Centrale Raad van Beroep

Datum uitspraak
23 juli 2014
Publicatiedatum
19 augustus 2014
Zaaknummer
12-5396 WIA
Instantie
Centrale Raad van Beroep
Type
Uitspraak
Rechtsgebied
Bestuursrecht; Socialezekerheidsrecht
Procedures
  • Hoger beroep
Vindplaatsen
  • Rechtspraak.nl
AI samenvatting door LexboostAutomatisch gegenereerd

Bevestiging van de uitspraak inzake WGA-vervolguitkering en medische grondslag

In deze zaak heeft de Centrale Raad van Beroep op 23 juli 2014 uitspraak gedaan in het hoger beroep van appellante tegen de beslissing van de rechtbank ’s-Hertogenbosch. Appellante ontving sinds 2 april 2007 een WGA-uitkering op basis van de Wet werk en inkomen naar arbeidsvermogen (Wet WIA). Het Uitvoeringsinstituut werknemersverzekeringen (Uwv) had in 2011 besloten dat appellante niet meer in aanmerking kwam voor een WGA-loonaanvullingsuitkering, maar voor een WGA-vervolguitkering met een arbeidsongeschiktheid van 45 tot 55%. Appellante was het niet eens met dit besluit en heeft hoger beroep ingesteld, waarbij zij stelde dat haar gezondheid was verslechterd en dat er nieuwe medische feiten waren die niet waren meegewogen.

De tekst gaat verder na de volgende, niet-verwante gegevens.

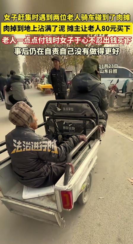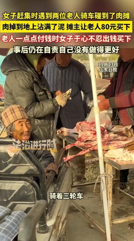 “太感人了!”山东日照,一大爷骑着三轮车带老伴去赶集,没留神蹭掉了肉摊上一块肉,摊主当即要求大爷花80元买下,大爷自知理亏,颤巍巍的掏出一把零钱凑了半天,也没数清。路过的女子实在看不下去了,上前果断对摊主说:“你把钱给他吧,我要这个肉了!” 据法治水城11月25日报道,那天集市上人挤人,一个大爷骑着三轮车,后座上带着他的老伴,在人群里慢慢地往前挪。 路过一个肉摊的时候,大概是没注意,车把蹭了一下,摊位上挂着的一块羊肉应声掉到了地上,地上尘土多,这肉算是废了,没法再卖。 肉摊老板一看,就不干了,走过来说这肉你得买下,80块,大爷知道是自己不小心,理亏,也没争辩,就开始从兜里掏钱。 可他掏了半天,掏出来一把皱巴巴的零钱,一块的、五块的,最大的也不过十块,他把钱摊在手心里,手指哆嗦着数了好几遍,额头上都见了汗,看样子是凑不够这80块。 他身后的老伴一直低着头,一句话也不说,那神情看着就让人心酸,周围看热闹的人越来越多。 就在大爷最窘迫的时候,旁边一个配钥匙的摊主也走了过来,他的摊位就在肉摊旁边,刚才的碰撞也把他的配钥匙机器给带倒了,机器外壳摔掉了一角。 他指着自己的机器,对着本来就急得不知道怎么办的大爷说,你也得赔我80块,这下大爷彻底愣住了。 前一个80块还没解决,后一个80块又来了,他拿着那把零钱,呆在原地,完全不知所措。 幸好,这时人群里走出来一位好心的女子,她二话没说,直接替大爷付了80块肉钱,解了第一个围,肉摊老板收了钱,把大爷数了半天的零钱还给了他。 可问题是,配钥匙摊主的索赔还没完,他看着大爷刚刚拿回那把零钱,依然坚持要他赔偿80块。 他的机器确实被碰倒了,要求赔偿听起来合情合理,但让人觉得不舒服的是,他明明亲眼看到了大爷为了80块钱有多为难,也看到了大爷全身上下就那么点零钱,但他没有丝毫的体谅。 一个塑料外壳摔掉一个角,到底值不值80块?这机器是不是真的就没法用了?这些问题他根本没提,他只是在老人最无助、最尴尬的时候,又狠狠地推了一把。 这种行为,很难不让人怀疑他是在“看人下菜碟”,觉得老人老实好欺负,如果今天碰倒他机器的是个横眉立目的壮汉,他还会这么理直气壮地要80块吗?这件事被发到网上后,网友的评论几乎一边倒地指向了这位配钥匙的摊主。 大家普遍认为,肉摊老板要80块钱,虽然有点贵,但毕竟一整块肉都废了,还算情有可原,而这个配钥匙摊主,为一个边角料的损伤就要80块,就有点讹人的意思了。 其实大家愤怒的,不只是这80块钱本身,更是这背后透露出的冷漠和精于算计,在自己的利益面前,他选择了最简单粗暴的方式,完全无视了他人的困境。 这种做法,就算在规则上挑不出大毛病,但在人情上却输得一败涂地,社会是需要规矩,损坏东西要赔偿,这是常识,但规矩之外,还有人心。 善良,很多时候并不需要你付出多少,仅仅是在别人有难处的时候,能稍微体谅一下,宽容一点,如果这位摊主当时能说一句“算了,老大爷,没什么大事”,或者象征性地要个十块二十块的修理费,那么事情就不是现在这样了。 但他没有这么做,最终,还是那位好心女子再次出手,又替大爷付了这80块钱,两位老人才得以离开。 这位女子花钱不多,但她的做法和那个配钥匙摊主的冷漠一比,简直是天壤之别,她让我们看到了,就算是在最普通的菜市场里,善良和温暖也一直都在。 而那个摊主的做法也给所有人提了个醒:做人,可以盘算自己的小九九,但不能没良心,可以想着自己的利益,但不能踩着别人的难处往上爬。 信源:法治水城2025-11-25——女子赶集时遇到两位老人骑车碰到了肉摊 肉掉到地上沾满了泥 摊主让老人80元买下 老人一点点付钱时女子于心不忍出钱买下 事后仍在自责自己没有做得更好

De Raad heeft de feiten en het onderzoek van de rechtbank in de aangevallen uitspraak bevestigd. De rechtbank had geoordeeld dat het bestreden besluit van het Uwv op een voldoende medische grondslag berustte en dat er geen nieuwe medische feiten waren die aanleiding gaven om zwaardere beperkingen aan te nemen. De Raad onderschreef deze overwegingen en concludeerde dat de bezwaarverzekeringsarts adequaat had gehandeld. De Raad vond geen reden om een deskundige te benoemen, aangezien de ingebrachte medische gegevens geen nieuwe inzichten boden.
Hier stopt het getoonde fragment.